• **TASK**:
Beginning with the line that holds "Яркое и нежное" and ending with the last line, please repeat the entries exactly and omit the pictures.

(Items from a data source)

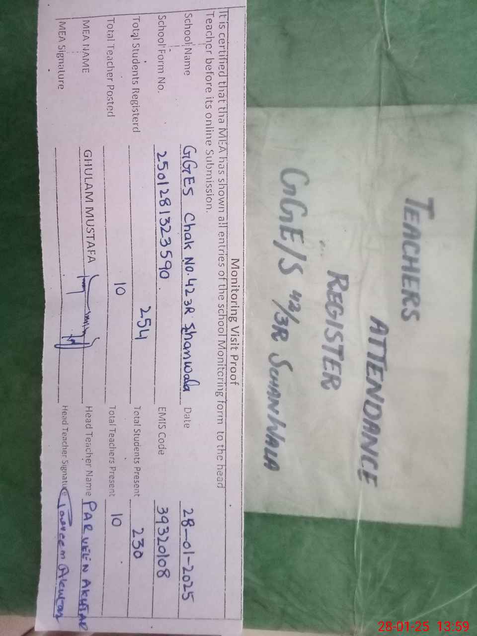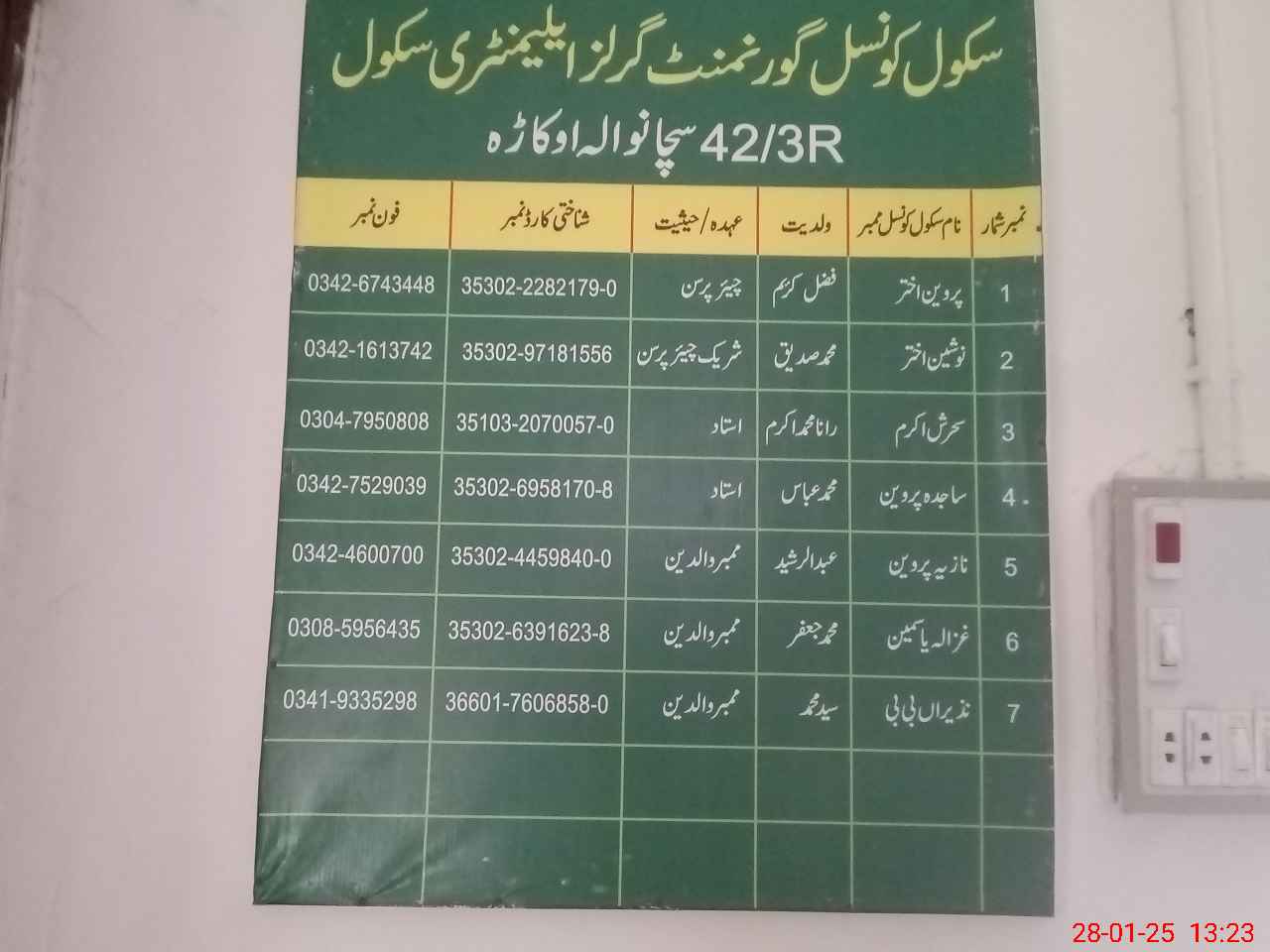 | EMIS Code: 39320108 | Name of School: GGES CHAK NO.42/3-R SACHAN WALA | |||
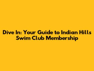 Unveiling the Indian Hills Swim Club: More Than Just a Pool
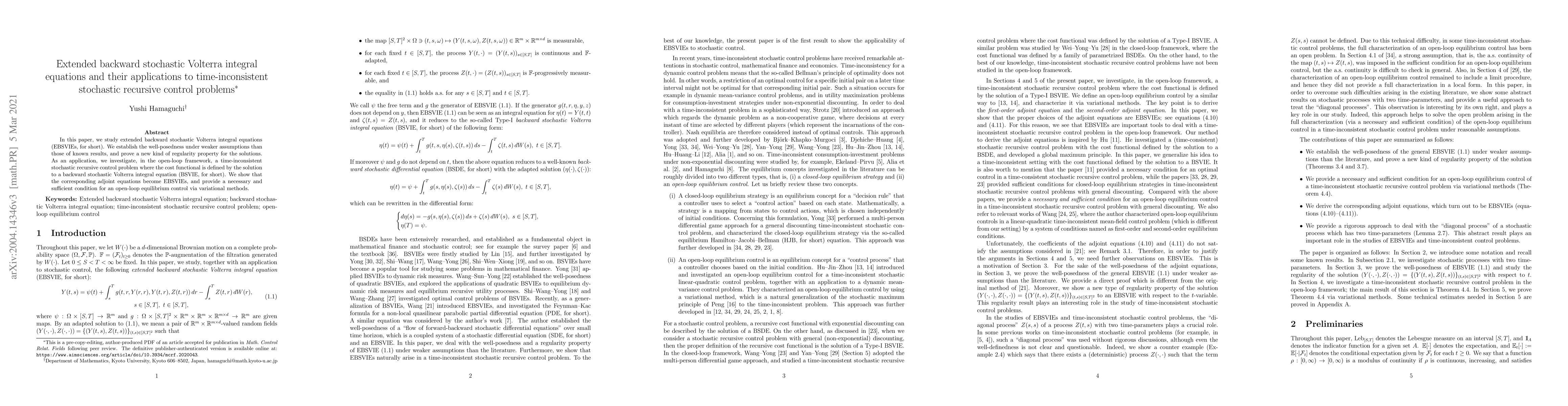 In this paper, we study extended backward stochastic Volterra integral equations (EBSVIEs, for short). We establish the well-posedness under weaker assumptions than the literature, and prove a new kind of regularity property for the solutions. As an application, we investigate, in the open-loop framework, a time-inconsistent stochastic recursive control problem where the cost functional is defined by the solution to a backward stochastic Volterra integral equation (BSVIE, for short). We show that the corresponding adjoint equations become EBSVIEs, and provide a necessary and sufficient condition for an open-loop equilibrium control via variational methods.
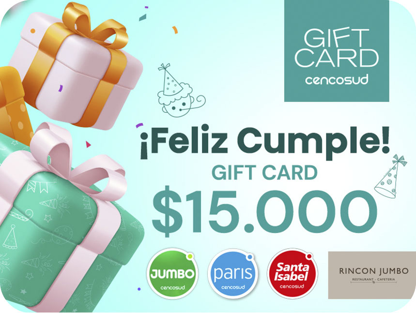 Promoción válida hasta el 31 de octubre de 2025 o hasta agotar stock de 5000 Gift Card disponibles. Usa este código como si fuera dinero en efectivo. Permite complementar el pago con cualquier medio de pago. Válido sobre precios vigentes en cada uno de los comercios informados. Este cupón no es canjeable por dinero en efectivo ni válido para el pago de cuentas. El monto de tu código debe ser usado de una sola vez. El robo, pérdida o extravío es de responsabilidad exclusiva del cliente. Los Códigos pueden ser utilizados, hasta el 30 de septiembre de 2025. Máximo 1 código por cliente. El canje de Dólares-Premio es de responsabilidad de Comercial Promociones y Turismo S.A. sin responsabilidad alguna para Banco de Chile ni en la ulterior atención que ello demande.
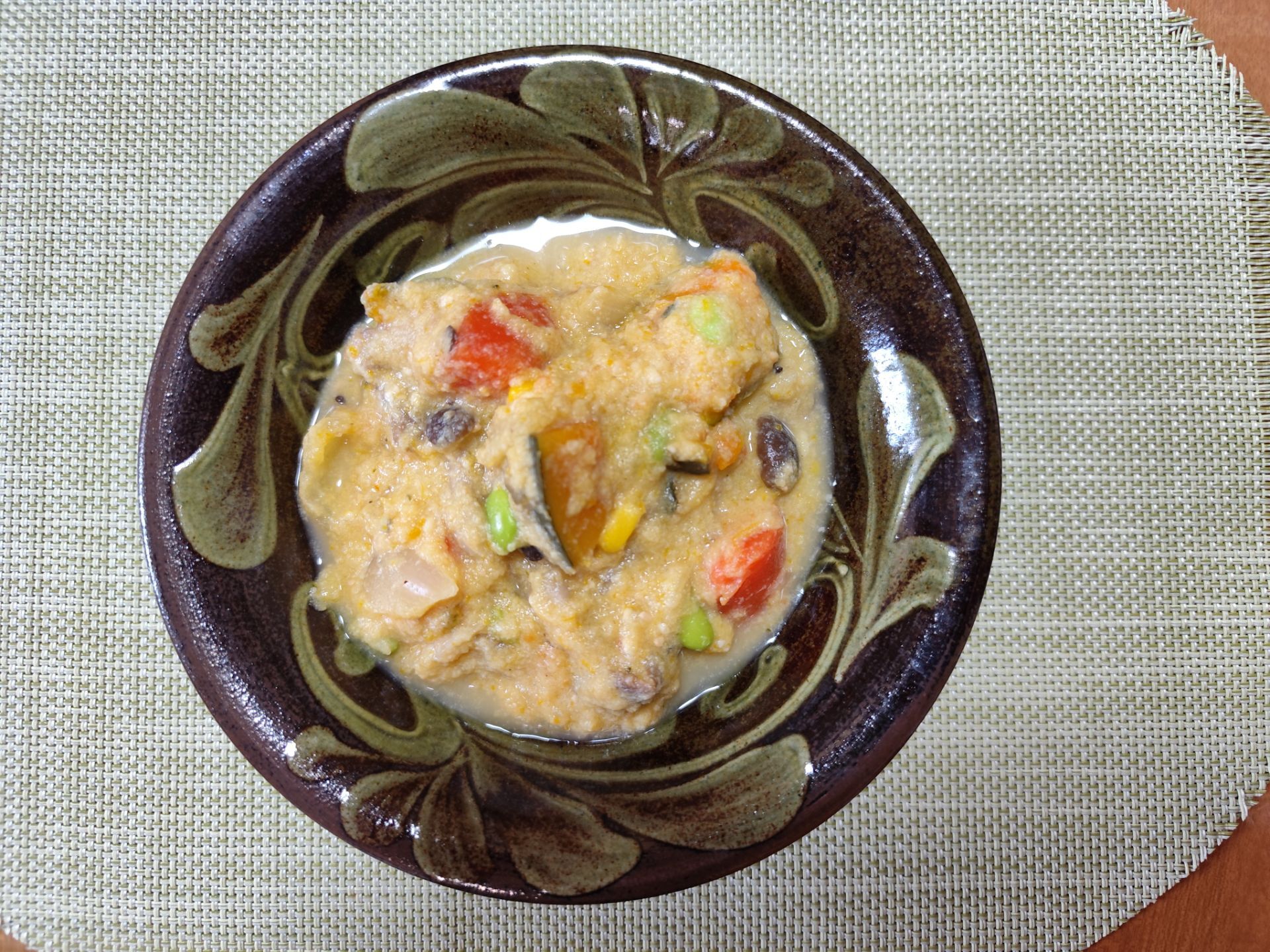 野菜が柔らかくなったら、なべ底からかき混ぜ、豆乳を加える。水分が足りない場合は水を加えて調整する。ミックスビーンズと味噌・塩コショウも加え、ひと煮立ちして味を調えたら出来上がり。
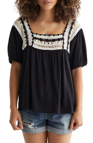 Lucky Brand Crochet Square Neck Cotton Knit Top Black Size XS MSRP $70
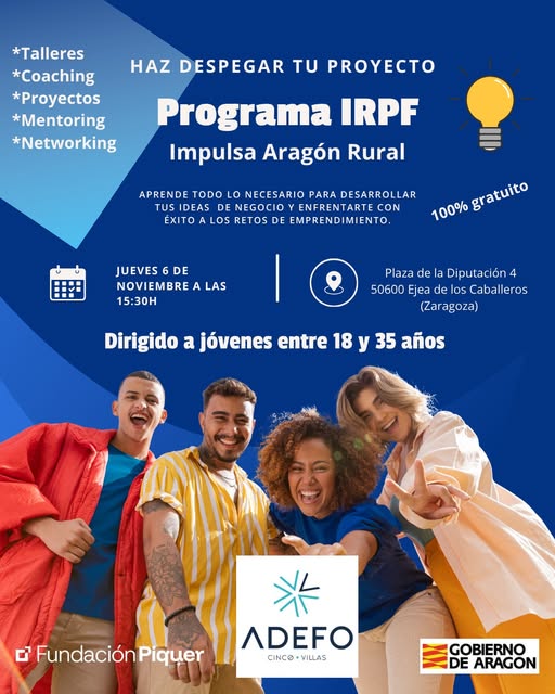 El próximo miércoles 6 de noviembre, ADEFO Cinco Villas acogerá en su sede de Ejea de los Caballeros una jornada informativa sobre el Programa Impulsa Aragón Rural. La sesión, dirigida a jóvenes de 18 a 35 años, se celebrará a las 15:30 horas en la Plaza de la Diputación, 4.
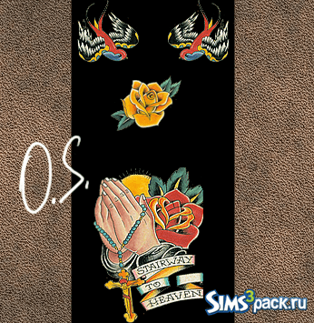 Яркое и нежное тату, носящее несколько богоугодный характер, изображает на ключицах симки райских птиц в полете. А плечо татуировано изображением рук молящегося, и эффектной желтой розой с шипами. Надпись «Путь в рай» довершает изображение.
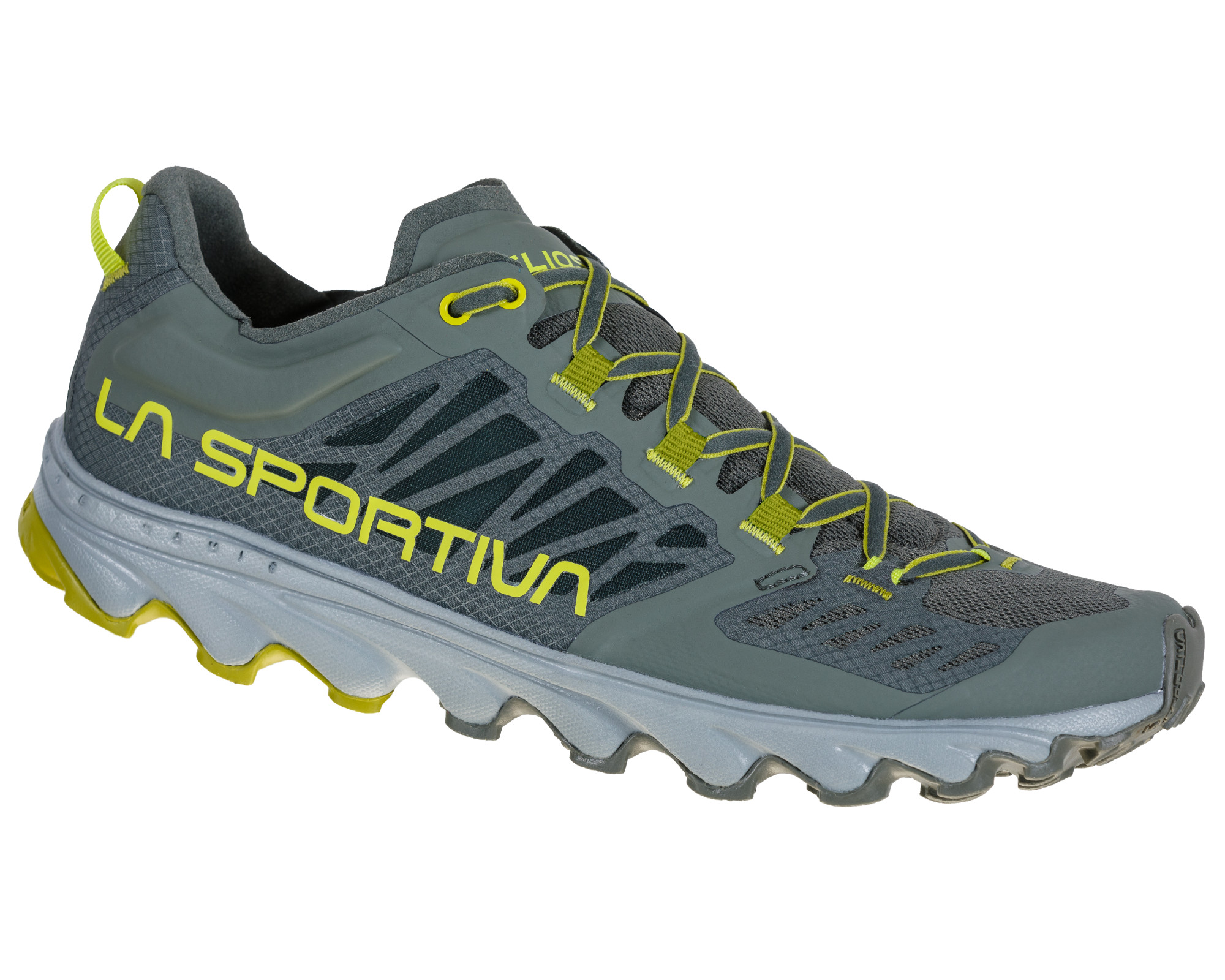 Pensiamo che l’heritage di un brand di scarpe da montagna sia direttamente legato ai sentieri che ci sono fuori dalla porta dell’azienda: La Sportiva è di Ziano di Fiemme, nel cuore delle Dolomiti, e non è un caso se le sue scarpe da corsa hanno in comune aggressività e durabilità, che le rendono perfette per i terreni poco corribili e usuranti delle Dolomiti. Ma al contrario delle sue sorelle, Helios tradisce queste caratteristiche in nome della corribilità: una scarpa perfetta per le quote più basse e per i terreni più morbidi.
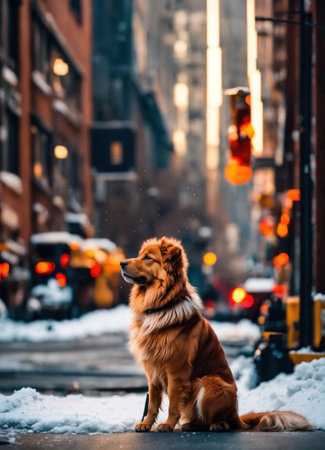 Cute Nova Scotia Duck Tolling Retriever dog sitting on a snowy street. ai generative.
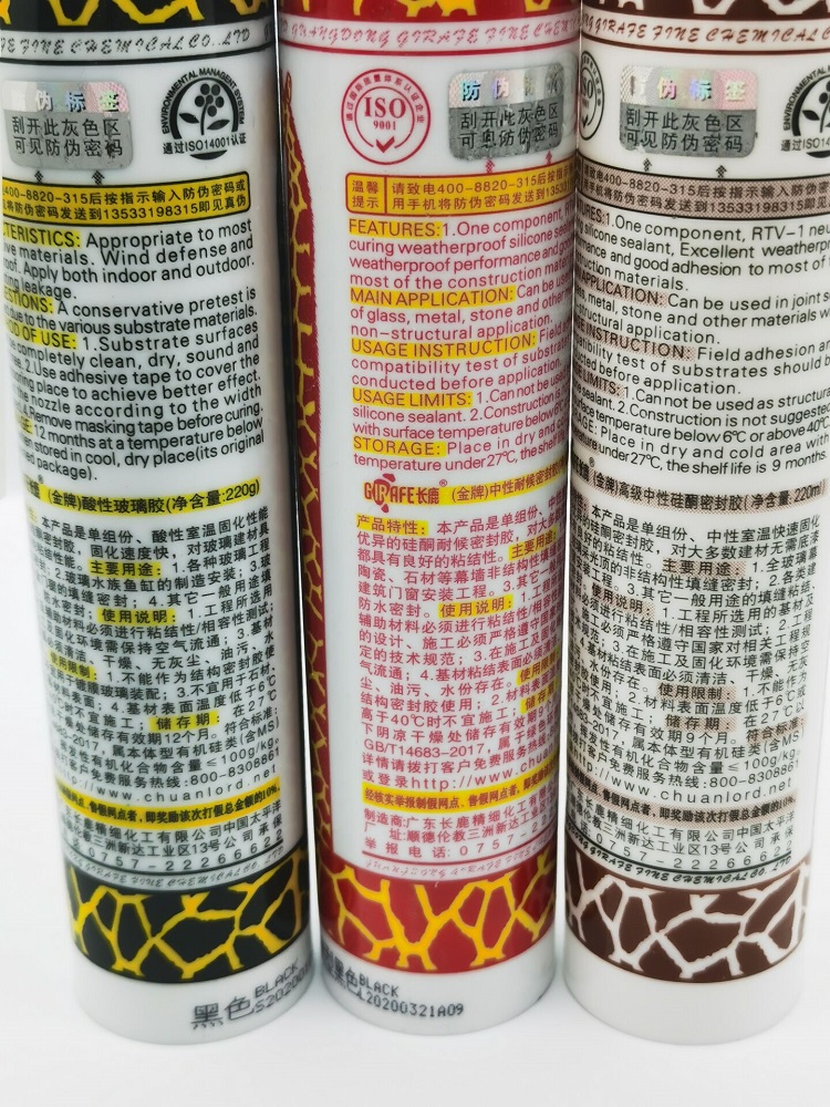 长鹿玻璃胶长颈鹿中性酸性透明黑白灰浴室防水门窗耐候密封胶金牌

• **YOUR RESPONSE**:
 Яркое и нежное тату, носящее несколько богоугодный характер, изображает на ключицах симки райских птиц в полете. А плечо татуировано изображением рук молящегося, и эффектной желтой розой с шипами. Надпись «Путь в рай» довершает изображение.
 Pensiamo che l’heritage di un brand di scarpe da montagna sia direttamente legato ai sentieri che ci sono fuori dalla porta dell’azienda: La Sportiva è di Ziano di Fiemme, nel cuore delle Dolomiti, e non è un caso se le sue scarpe da corsa hanno in comune aggressività e durabilità, che le rendono perfette per i terreni poco corribili e usuranti delle Dolomiti. Ma al contrario delle sue sorelle, Helios tradisce queste caratteristiche in nome della corribilità: una scarpa perfetta per le quote più basse e per i terreni più morbidi.
 Cute Nova Scotia Duck Tolling Retriever dog sitting on a snowy street. ai generative.
 长鹿玻璃胶长颈鹿中性酸性透明黑白灰浴室防水门窗耐候密封胶金牌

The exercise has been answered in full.